Parsing

Syntax analysis #

Our syntax analysis phase, or “parsing”, is basically a no-op in the current version. This is possible because, thanks to our stack having a “guard zero” at the bottom, there is really no such thing as a program with only valid tokens that is invalid syntax.

This makes it a very rare language indeed.

Since we are doing math in a specific order of operations, it would be easy to make this into a tree. Each leaf is a number, and each middle node is an operator.

This would then allow separating the evaluation from the actual parsing and determining order of operations. In this simple language it is extra work, but real compilers will mostly focus on manipulating and reading the structure of the Abstract Syntax Tree (Wikipedia) (AST) when creating their intermediate representation.

In order to save time and keep the code simple, let’s use the binarytree python library. I’m using version 6.5.1 for this exercise.

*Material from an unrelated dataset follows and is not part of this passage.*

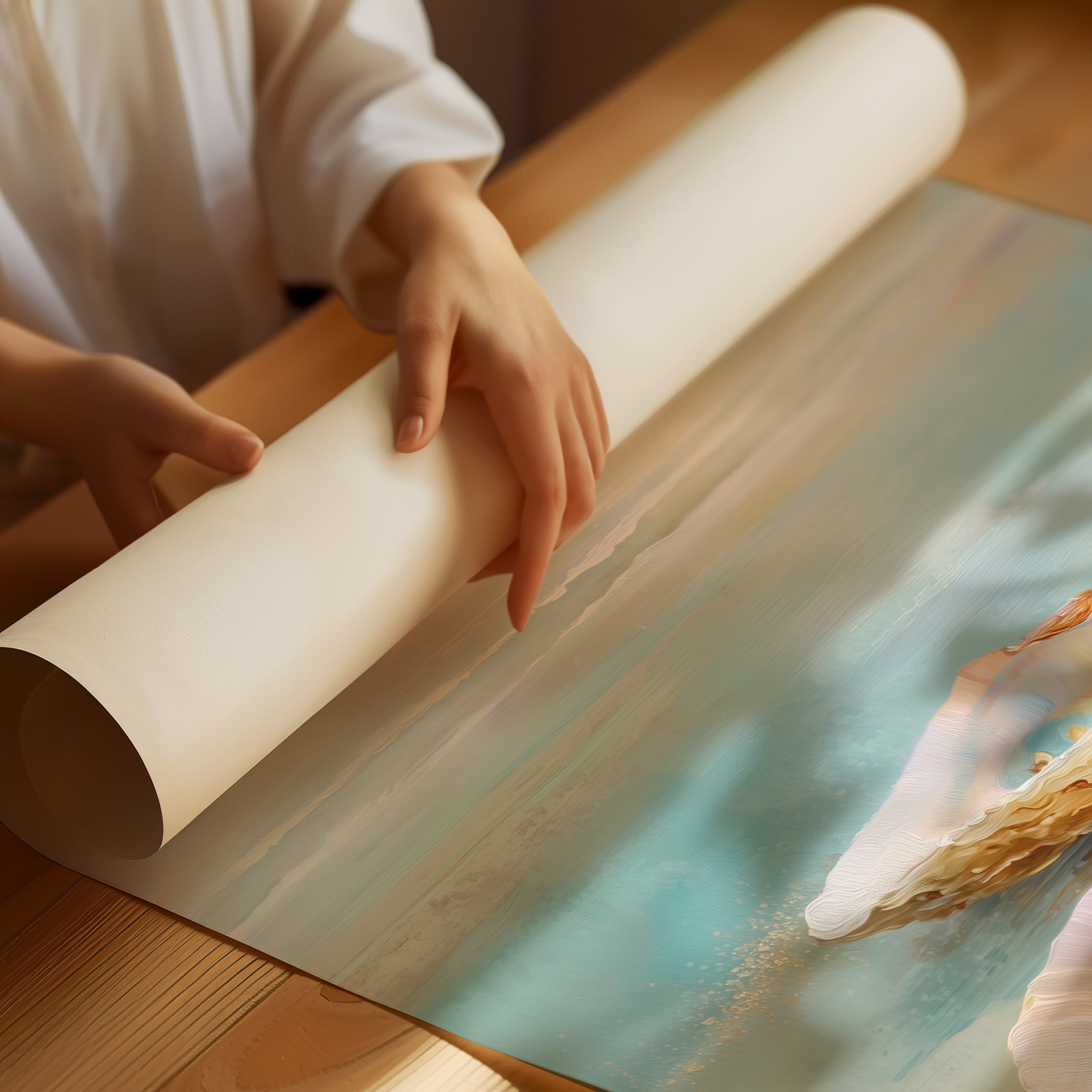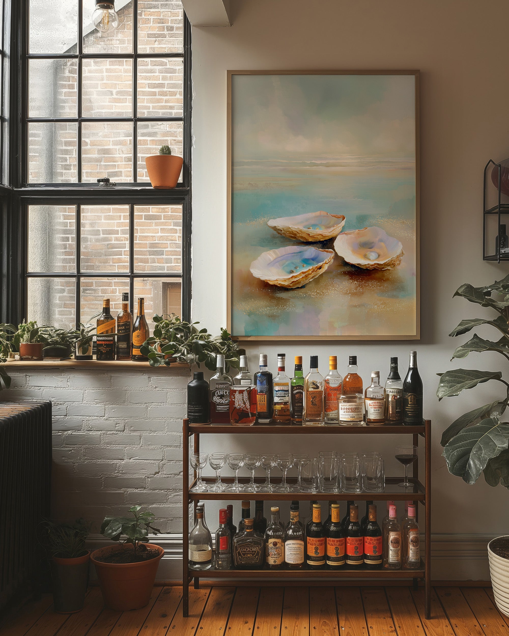 Sunlight dances across iridescent shells, their mother-of-pearl interiors catching the warm glow of afternoon light. The delicate oyster shells rest against a backdrop of soft aqua and sandy hues, evoking memories of tranquil shorelines where ocean meets land. Their natural textures and luminous quality create a moment of quiet beauty amid the sophisticated modern space surrounding them. This serene coastal piece adds a touch of natural elegance to a contemporary living room or home office, bringing oceanic calm to everyday moments.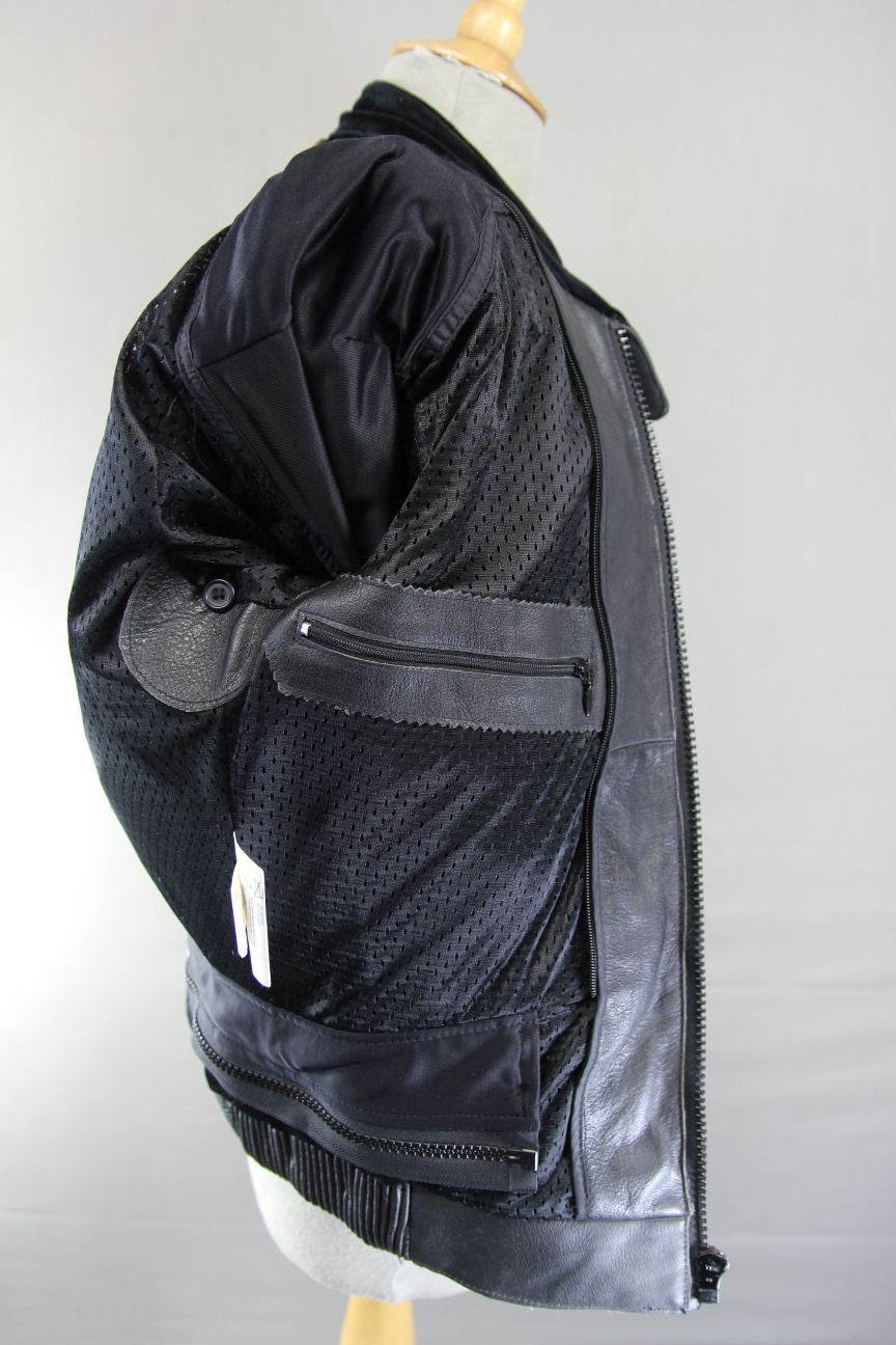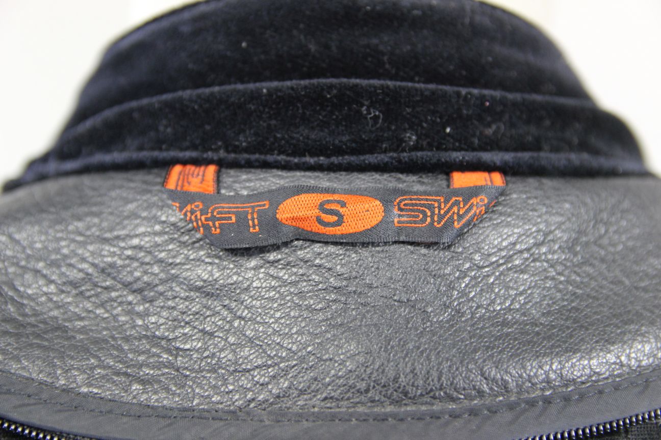 SWIFT INNOVATION BLACK, ORANGE & WHITE LEATHER BIKER JACKET 36 INCH/SMALL

Once it’s installed, add this to the top:

1

from binarytree import Node

And then, re-write the main parsing loop to fold nodes together in a tree, rather than just doing the calculation:

 1
 2
 3
 4
 5
 6
 7
 8
 9
10
11
12
13
14
15
16
17
18
19
20
21
22


# requires package: binarytree==6.5.1
from binarytree import Node, get_parent

def parse_tokens(tokens):
    # parse, but now build a tree
    nodes = []
    for token in tokens:
        # decide what the token of the string is. there are several options
        # 1. is it a number? append in on the stack
        if token['kind'] == 'int':
            nodes.append(Node(token['value']))
        # 2. is it an operator? then put the last children into a tree with it
        elif token['kind'] == "op":
            left = nodes.pop()
            right = nodes.pop()
            nodes.append(Node(token['value'], left=left, right=right))
        # 3. otherwise it should be whitespace. there is no other token type
        elif token['kind'] != 'space':
            print(" " * token['pos'] + "^")
            print("internal error: unknown token")
            break
    return nodes

At this point, doing print(nodes[-1]) – the last generated expression – should print the entire tree (assuming the user correctly completed it).

> 2 3 +

  +
 / \
3   2

> 2 3 4 + *

    __*
   /   \
  +     2
 / \
4   3

Thus, we have completed the parsing stage.

From this point on, our program can stop worrying about tokens, or syntax errors in the file, and instead, focus on semantics – what does the program mean, and what instructions should we generate to execute it.